Material for this task START

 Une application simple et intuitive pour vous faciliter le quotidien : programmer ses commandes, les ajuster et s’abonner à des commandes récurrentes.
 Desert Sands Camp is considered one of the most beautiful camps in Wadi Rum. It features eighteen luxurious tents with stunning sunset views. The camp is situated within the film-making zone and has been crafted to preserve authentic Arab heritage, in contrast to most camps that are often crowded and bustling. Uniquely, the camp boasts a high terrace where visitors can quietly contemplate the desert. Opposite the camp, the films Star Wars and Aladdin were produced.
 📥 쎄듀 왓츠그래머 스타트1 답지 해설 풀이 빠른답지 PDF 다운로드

Material for this task END
Material for this task START

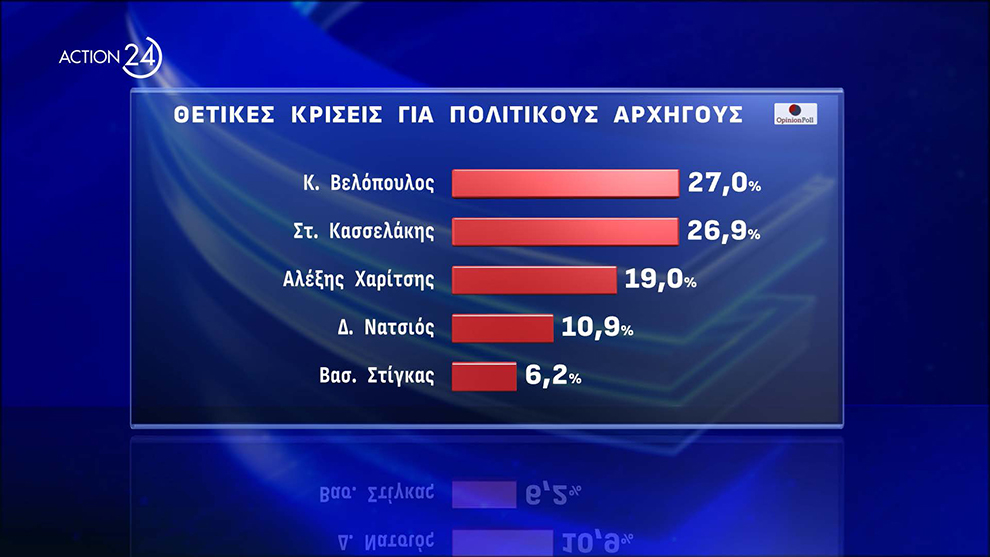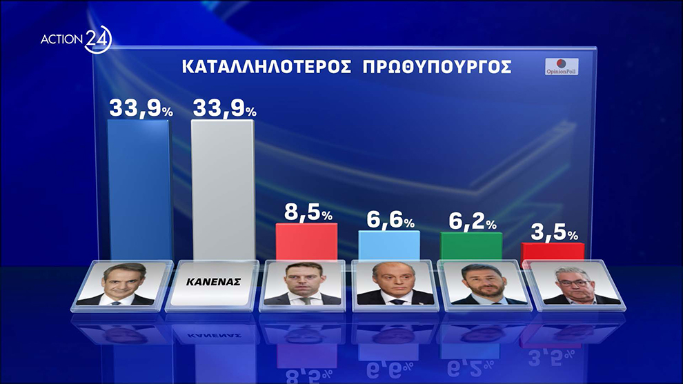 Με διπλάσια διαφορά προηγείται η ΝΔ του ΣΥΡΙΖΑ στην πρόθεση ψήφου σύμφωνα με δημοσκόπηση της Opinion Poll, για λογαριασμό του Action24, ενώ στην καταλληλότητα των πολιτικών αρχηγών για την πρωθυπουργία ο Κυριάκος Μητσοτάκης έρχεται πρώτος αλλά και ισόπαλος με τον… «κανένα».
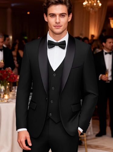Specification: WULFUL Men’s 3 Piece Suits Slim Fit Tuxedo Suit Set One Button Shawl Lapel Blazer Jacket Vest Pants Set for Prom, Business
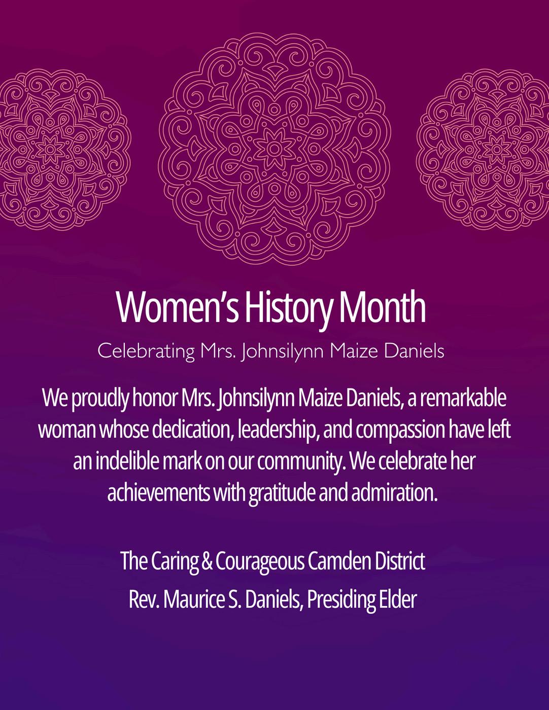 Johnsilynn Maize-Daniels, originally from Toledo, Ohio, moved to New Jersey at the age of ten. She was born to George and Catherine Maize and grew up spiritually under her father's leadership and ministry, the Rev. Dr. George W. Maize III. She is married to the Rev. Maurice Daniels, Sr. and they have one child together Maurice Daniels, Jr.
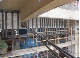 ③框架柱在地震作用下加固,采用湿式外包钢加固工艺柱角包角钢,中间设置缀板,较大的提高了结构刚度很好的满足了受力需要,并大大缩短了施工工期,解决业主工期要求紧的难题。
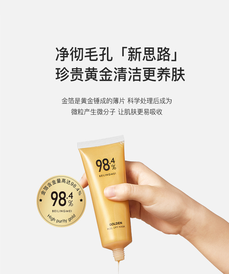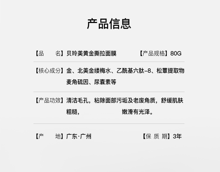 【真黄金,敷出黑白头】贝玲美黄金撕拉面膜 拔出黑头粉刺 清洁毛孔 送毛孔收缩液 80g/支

Material for this task END

(Exercise) Among the entries above, find the line with "Με διπλάσια διαφορά" and repeat exactly from there through the line with "Specification: WULFUL Men’s", leaving out the pictures.

(Expected answer)
 Με διπλάσια διαφορά προηγείται η ΝΔ του ΣΥΡΙΖΑ στην πρόθεση ψήφου σύμφωνα με δημοσκόπηση της Opinion Poll, για λογαριασμό του Action24, ενώ στην καταλληλότητα των πολιτικών αρχηγών για την πρωθυπουργία ο Κυριάκος Μητσοτάκης έρχεται πρώτος αλλά και ισόπαλος με τον… «κανένα».
Specification: WULFUL Men’s 3 Piece Suits Slim Fit Tuxedo Suit Set One Button Shawl Lapel Blazer Jacket Vest Pants Set for Prom, Business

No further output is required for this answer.